Data entries:
»»

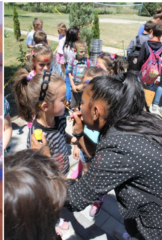
Art group “Ismet Rraci” Klinë, March 2015 & Art group “Exhibition” “Avni Rrustemi” Zallq-Istog 03.06.2015
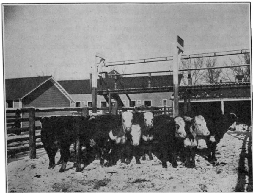
The silo will enable the farmer to feed out his own stock and thereby increase his profits

laid on the ground 82 percent of the total weight and 55 percent of the dry matter is lost. The Indiana Experiment Station has found that in feeding a carload of steers, 38¾ acres were required to grow the feed needed for 150 days when corn, oil meal, oat straw and stover were fed. When corn and clover hay were fed, it required 35 acres and when corn, cottonseed meal, clover hay and silage were fed, only 24 acres were required.
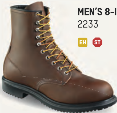
MEN'S 8-INCH SAFETY TOE BOOT 2233
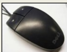
The computer mouse
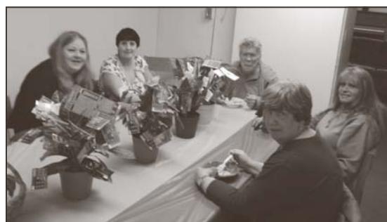
DSPs from Lake and Ashtabula counties enjoy the Ice Cream Social.

While our DSPs enjoyed an Old-fashioned Ice Cream Social, Administrative Team members washed their cars.
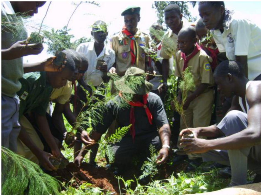
Tree planting with scouts
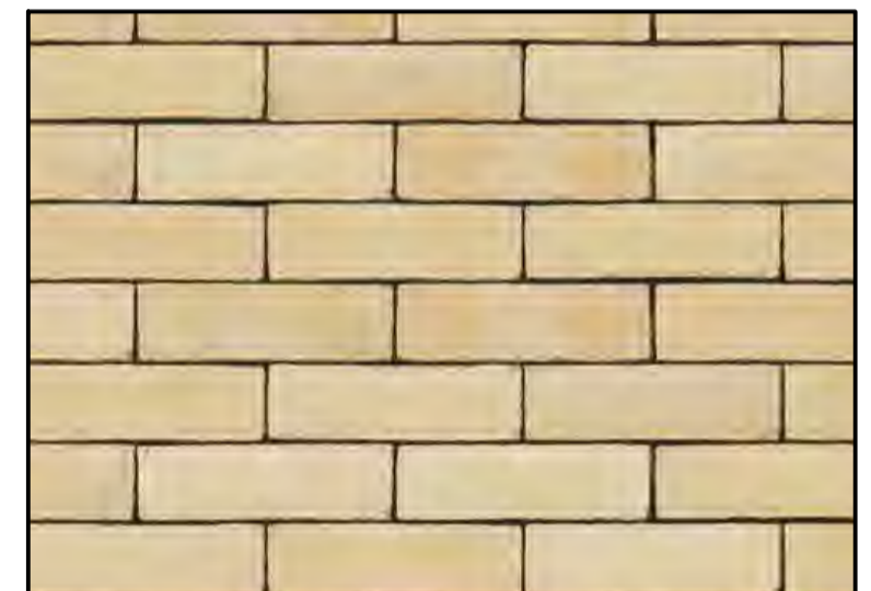
EXISTING BOUNDARY WALL - BUFF
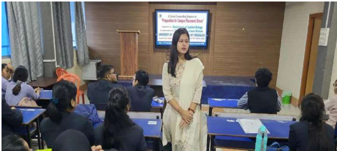
Resource Person briefing the session topic
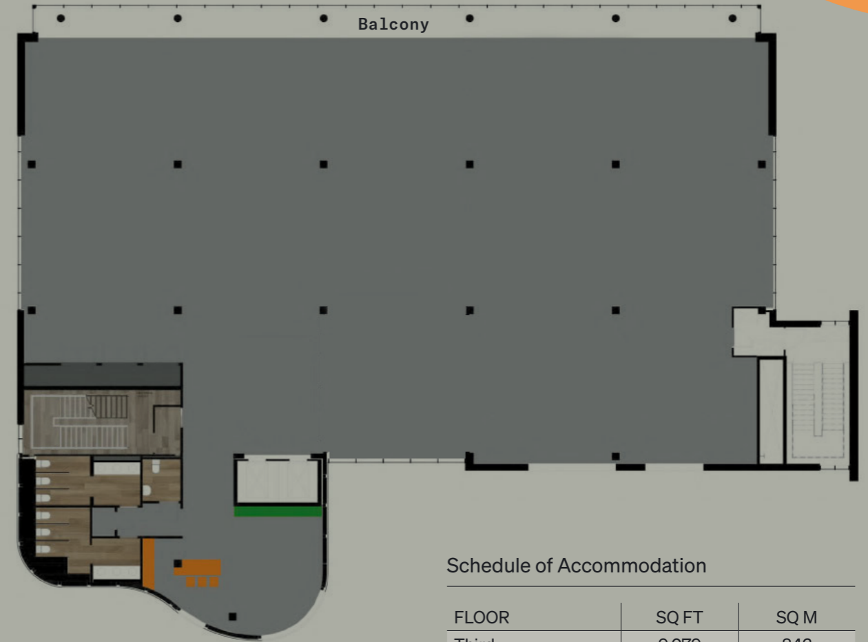
Schedule of Accommodation
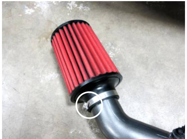
h. Install the AEM filter onto the AEM intake tube and secure with the provided hose clamp.
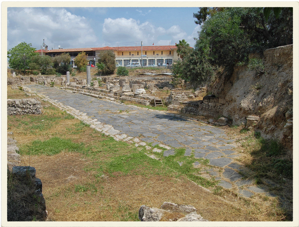
Ancient Roman Road in Tarsus
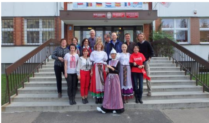
Picture of the coordinators meeting Poland October 2015

This newsletter will be regularly published to make you be aware of what is going on or what took place in the several partners. schools until 2017.
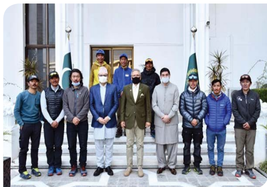
Nepali Mountaineers with the President of Pakistan

16 January 2021 would be remembered forever in Mt. K2 history.
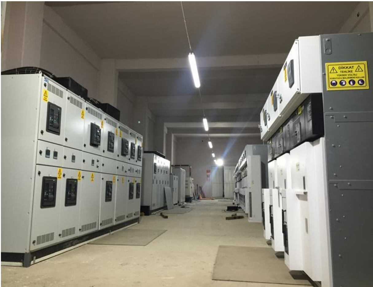
Electricity High Voltage Room
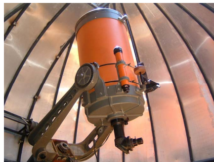
14-inch Celestron Schmidt-Cassegrain, computer controlled astronomical telescope. One of 2 used for Astronomical Tours
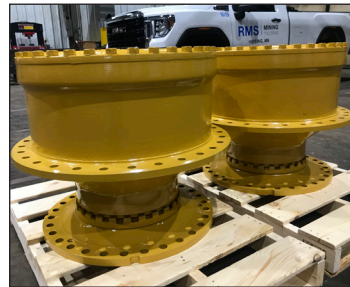
Rebuilt Caterpillar D9T Finals (Qty. 2)
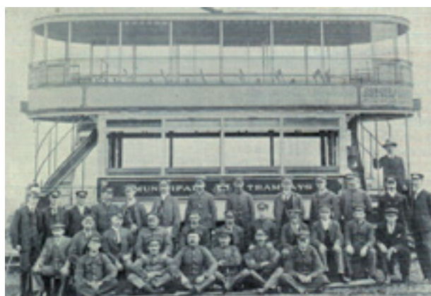
Figure 3: “A new type of tram” 26
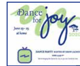
Virtual Dance for Joy
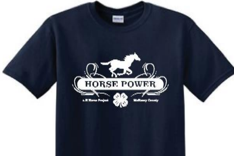
Gildan Heavy Cotton T-shirt is Navy with white imprint on front

Show your support of 4H and your membership in the horse and pony program. Buy a shirt***
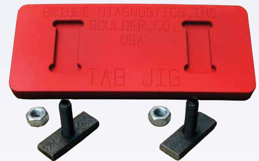
Mounting tabs and tab jig
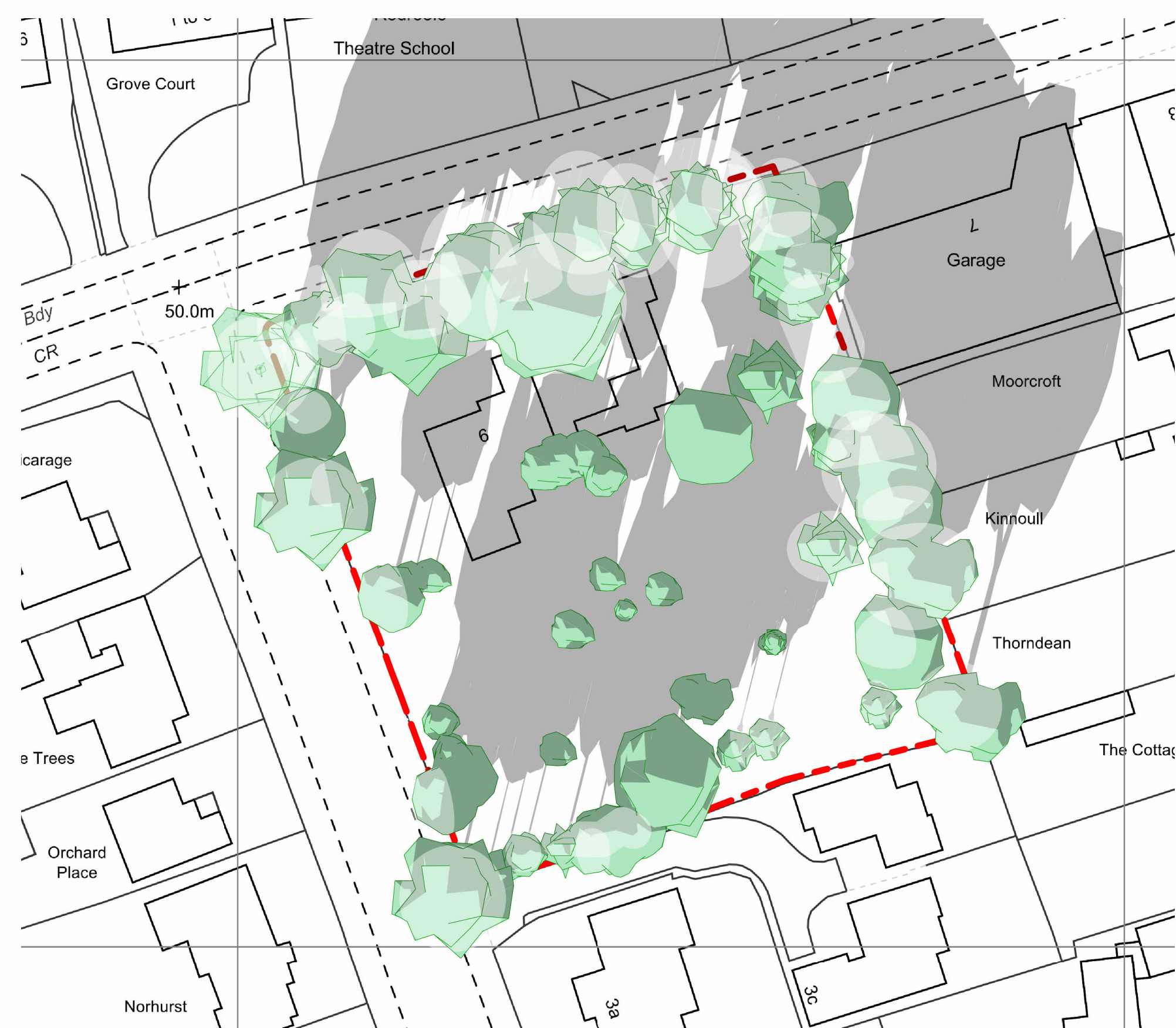
Existing Site - Solar Study Dec 21st - 1300
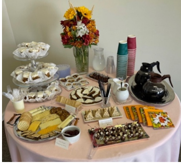
St. MM bakers show off a bit. Front row, a tray of "Church Mice" baked by Lloyd Brewer
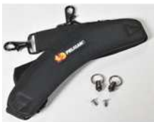
1472 Shoulder Strap
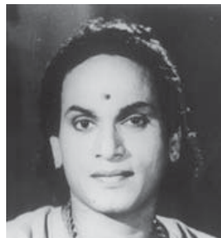
M.K. Thiagaraja Bhagavathar

As one whose family members have lived in Purasawalkam for 90 years and had known well both the renowned author R.K. Narayan and the famous Tamil film star M.K. Thiagaraja Bhagavathar, may I suggest that Government honour them by installing statues in their honour at Purasawalkam? Why Purasawalkam?
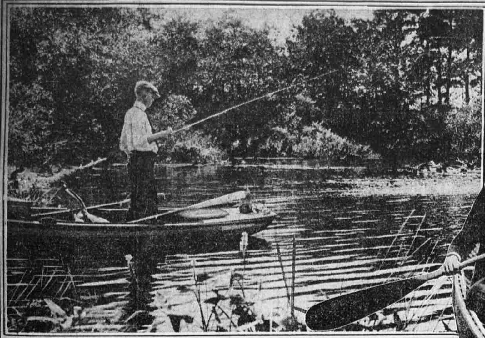
IN THE GRASS WHERE THE BIG ONES LIE

WHEN THE VACATION SEASON COMES ROUND ONE'S THOUGHTS TURN TO ROD AND TACKLE
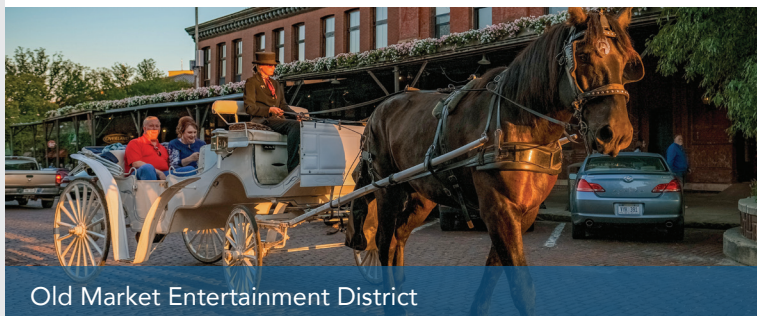
Old Market Entertainment District
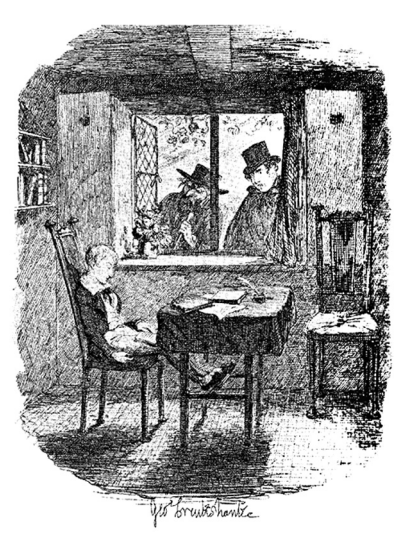
Il - 1
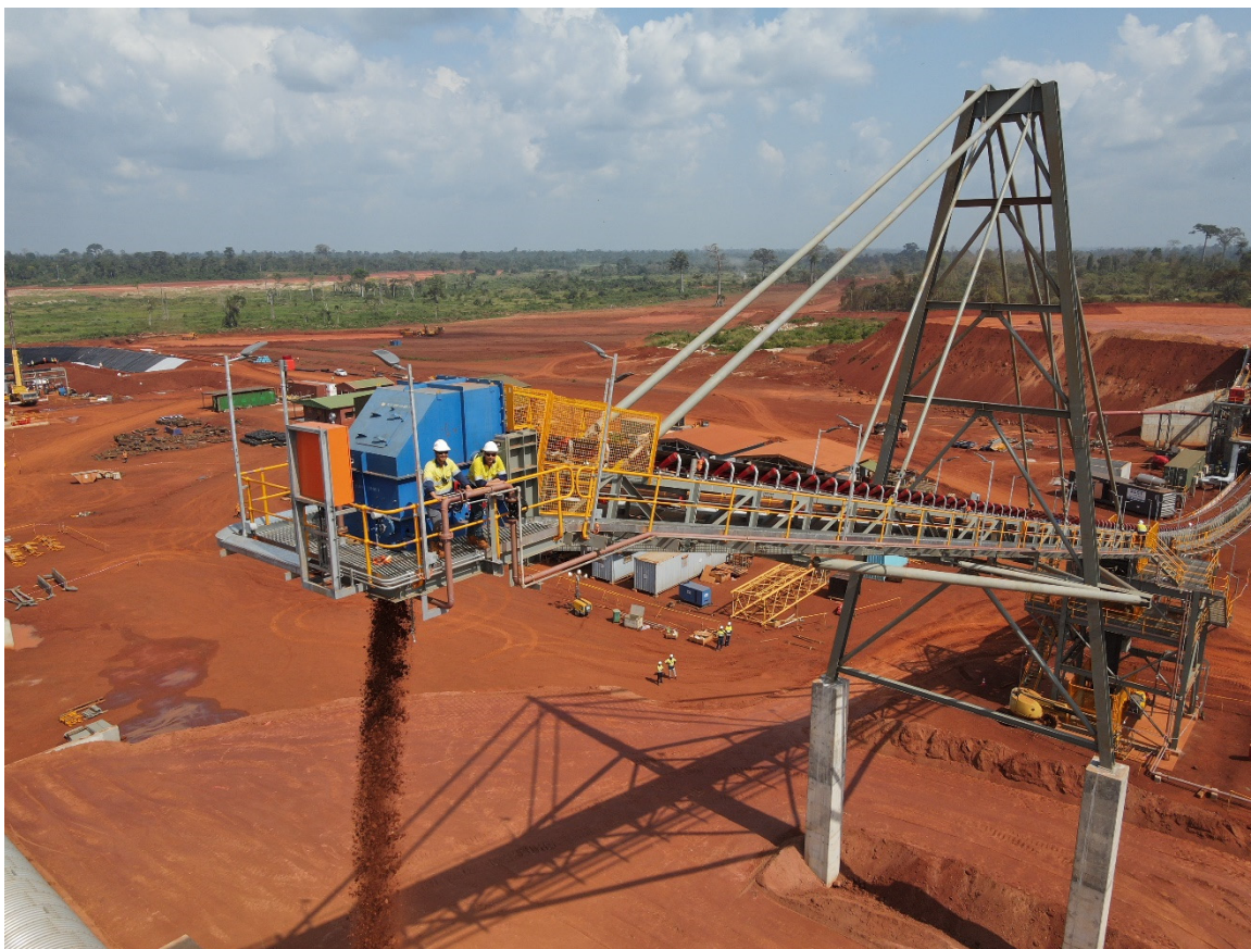
Figure 4: Crusher circuit commissioning
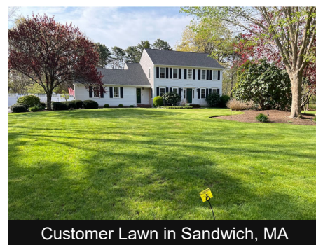
Customer Lawn in Sandwich, MA
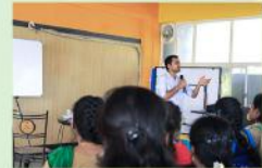
CoreEL Technologies Bangalore
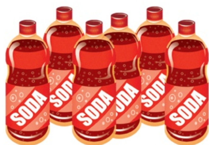
6. bottles of soda
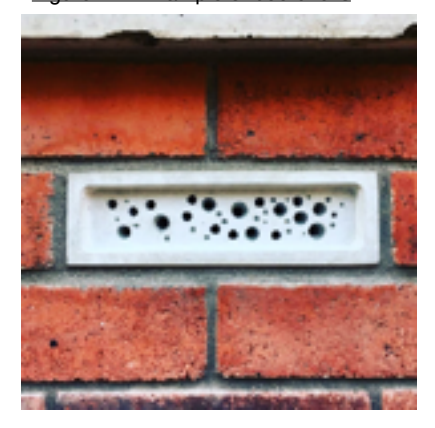
Figure 14 - Example of bee bricks
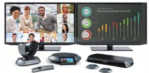
Lifesize® Icon 600™ with optional two-display configuration for screen sharing, Lifesize® Camera 10x™, plus Lifesize Digital MicPods attached to Lifesize Phone HD for large rooms.

*Not applicable with Lifesize® Icon 400™ or Lifesize® Icon 450™
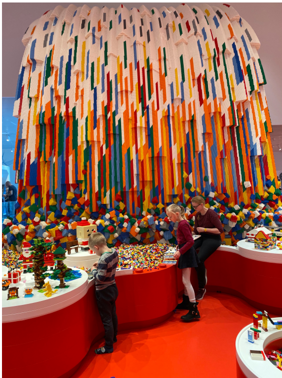
15 Lego House
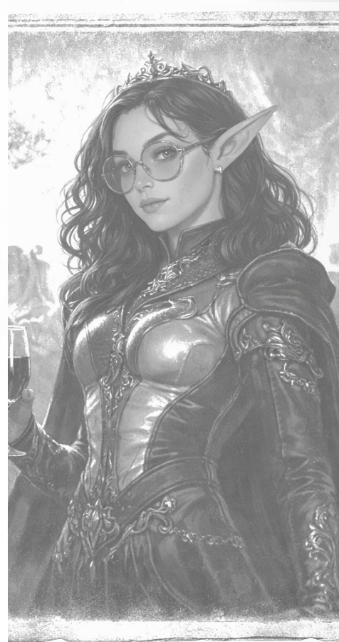
The Empress seen at her welcome home banquet after her kidnapping

History will decide whether this was an act of preservation... or the first page of a war.

««

### Your instructions
Only an exact copy of the records counts as an answer. Leave out the images.

### Your solution
Art group “Ismet Rraci” Klinë, March 2015 & Art group “Exhibition” “Avni Rrustemi” Zallq-Istog 03.06.2015
The silo will enable the farmer to feed out his own stock and thereby increase his profits

laid on the ground 82 percent of the total weight and 55 percent of the dry matter is lost. The Indiana Experiment Station has found that in feeding a carload of steers, 38¾ acres were required to grow the feed needed for 150 days when corn, oil meal, oat straw and stover were fed. When corn and clover hay were fed, it required 35 acres and when corn, cottonseed meal, clover hay and silage were fed, only 24 acres were required.
MEN'S 8-INCH SAFETY TOE BOOT 2233
The computer mouse
DSPs from Lake and Ashtabula counties enjoy the Ice Cream Social.

While our DSPs enjoyed an Old-fashioned Ice Cream Social, Administrative Team members washed their cars.
Tree planting with scouts
EXISTING BOUNDARY WALL - BUFF
Resource Person briefing the session topic
Schedule of Accommodation
h. Install the AEM filter onto the AEM intake tube and secure with the provided hose clamp.
Ancient Roman Road in Tarsus
Picture of the coordinators meeting Poland October 2015

This newsletter will be regularly published to make you be aware of what is going on or what took place in the several partners. schools until 2017.
Nepali Mountaineers with the President of Pakistan

16 January 2021 would be remembered forever in Mt. K2 history.
Electricity High Voltage Room
14-inch Celestron Schmidt-Cassegrain, computer controlled astronomical telescope. One of 2 used for Astronomical Tours
Rebuilt Caterpillar D9T Finals (Qty. 2)
Figure 3: “A new type of tram” 26
Virtual Dance for Joy
Gildan Heavy Cotton T-shirt is Navy with white imprint on front

Show your support of 4H and your membership in the horse and pony program. Buy a shirt***
Mounting tabs and tab jig
Existing Site - Solar Study Dec 21st - 1300
St. MM bakers show off a bit. Front row, a tray of "Church Mice" baked by Lloyd Brewer
1472 Shoulder Strap
M.K. Thiagaraja Bhagavathar

As one whose family members have lived in Purasawalkam for 90 years and had known well both the renowned author R.K. Narayan and the famous Tamil film star M.K. Thiagaraja Bhagavathar, may I suggest that Government honour them by installing statues in their honour at Purasawalkam? Why Purasawalkam?
IN THE GRASS WHERE THE BIG ONES LIE

WHEN THE VACATION SEASON COMES ROUND ONE'S THOUGHTS TURN TO ROD AND TACKLE
Old Market Entertainment District
Il - 1
Figure 4: Crusher circuit commissioning
Customer Lawn in Sandwich, MA
CoreEL Technologies Bangalore
6. bottles of soda
Figure 14 - Example of bee bricks
Lifesize® Icon 600™ with optional two-display configuration for screen sharing, Lifesize® Camera 10x™, plus Lifesize Digital MicPods attached to Lifesize Phone HD for large rooms.

*Not applicable with Lifesize® Icon 400™ or Lifesize® Icon 450™
15 Lego House
The Empress seen at her welcome home banquet after her kidnapping

History will decide whether this was an act of preservation... or the first page of a war.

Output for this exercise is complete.